Whether you’re scaling from zero or hiring your next VP, relentless recruiting is non-negotiable. Lemkin urges founders to interview at least 200 top candidates for every key role—no shortcuts. Top recruiters wake at dawn with two “must-talk” profiles in hand and fill calendars before lunch. They chase referrals, cold email founders who shine in webinars, and review GitHub projects until they discover hidden gems. The payoff: a team that delivers peak performance and retains that performance under pressure. As Lemkin quips, “You don’t just fill seats; you build a culture of excellence.”

Seeing Through the Fog of War

Navigating today’s AI landscape is like marching through a battlefield in dense fog. Yesterday’s dominators—large CPaaS providers, CRM giants—can be blindsided by new models or aggregator layers. Founders must ship “insanely good software” and then double down on dominating a niche market. That pattern held true in earlier eras—zero to one was rare, one to ten was tough, but ten to 100 often felt inevitable. AI has shattered that punch-card formula. Now every tier faces disruption, and competition shows up overnight.
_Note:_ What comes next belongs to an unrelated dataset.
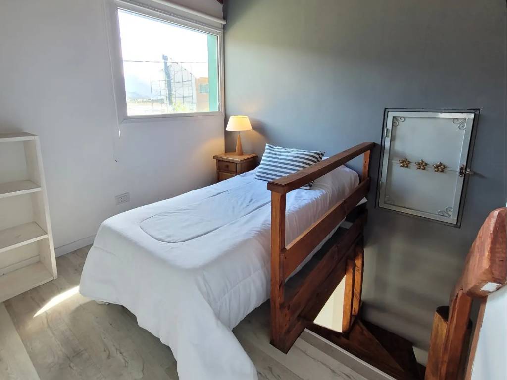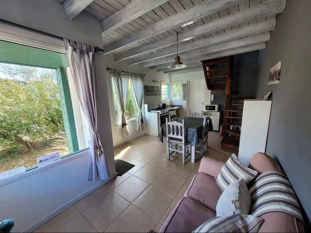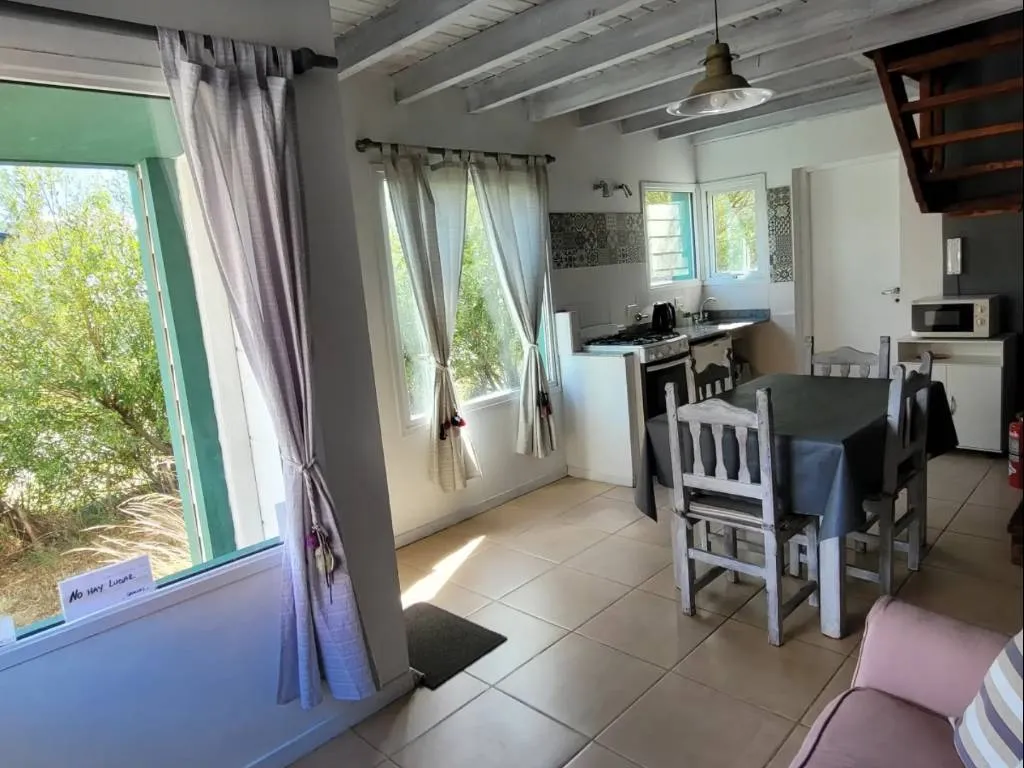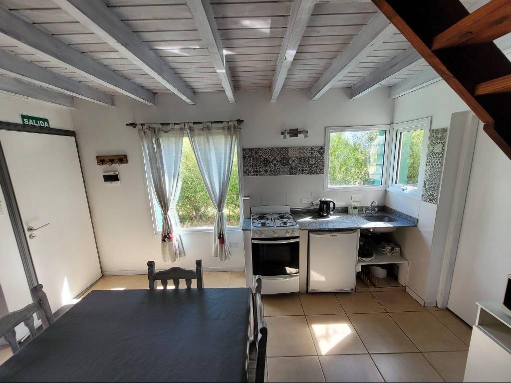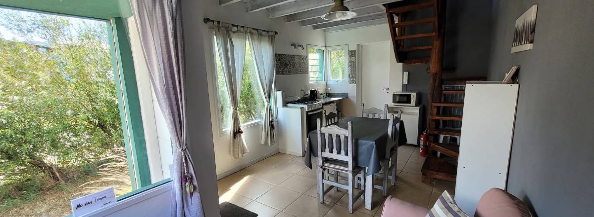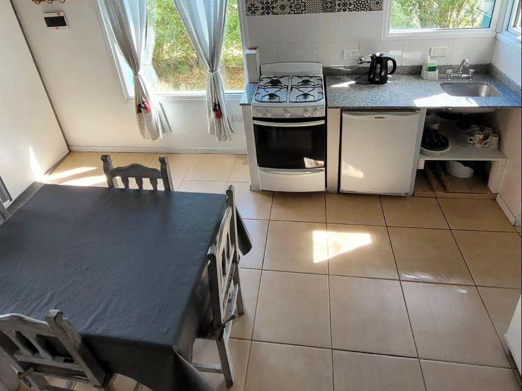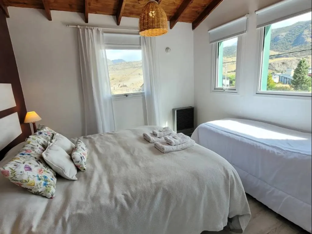Cabañas totalmente equipadas en El Chaltén, cuenta con cocina completa con heladera bajo mesada, microondas, habitaciones con ventanales con vista a las montañas, baño completo, entre otras comodidades.

The key to clarity: stay laser-focused on a narrowly defined problem, iterate rapidly on user feedback, and guard against feature creep. True advantage will come to those who see five steps ahead, not just who can build the next chatbot.
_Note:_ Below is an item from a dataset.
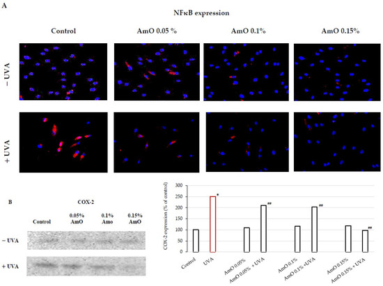 (A) Expression of NFκB (visualized using immunofluorescence staining) in fibroblasts irradiated by UVA and treated with AmO at concentrations of 0.05%, 0.1%, and 0.15% vs. the control. Blue staining indicates the nuclei and red staining represents NF-κB expression. The images were obtained at a 20× magnification. (B) Western blot and densitometry (completed using ImageJ® 1.8.0) for COX-2 from 3 pooled homogenates of UVA-irradiated fibroblasts cultured in the presence of AmO at concentrations of 0.05%, 0.1%, and 0.15% vs. the control. * Statistically significant differences at p < 0.05 compared with the control. ## Statistically significant difference at p < 0.05 compared to UVA (red bar).

The Future of Work for Gen Alpha

The next generation is rewriting the employment playbook. Lemkin observes that many teenagers he knows would rather live cheaply abroad and monetize online than pursue a traditional job. Nearly 10% of his son’s high school class opted out of college entirely, planning to build “digital nomad” careers in Eastern Europe or Southeast Asia. Meanwhile, Gen Z college students are already mapping tracks to graduate school as a way to defer full-time roles. What does this mean for founders? You’ll need flexible roles, project-based contracts, and AI-augmented workflows to attract young talent. Tasks like session summaries, basic customer support, or content editing can shift to well-trained AI agents. Human hires will excel in creative problem solving, relationship building, and cross-domain strategy—roles that AI can’t fully replicate.

Key Takeaways:

  • Innovate or Die: Traditional software brands must integrate AI continuously or cede ground to startups.
  • Leverage AI Doubles: Train a digital version of yourself with your content to handle 10× the volume and uncover candid user feedback.
  • Recruit Relentlessly: Interview 200 candidates for crucial roles to secure top talent and build a high-performance culture.

What strategies will you adopt next to stay ahead in the dynamic world of AI?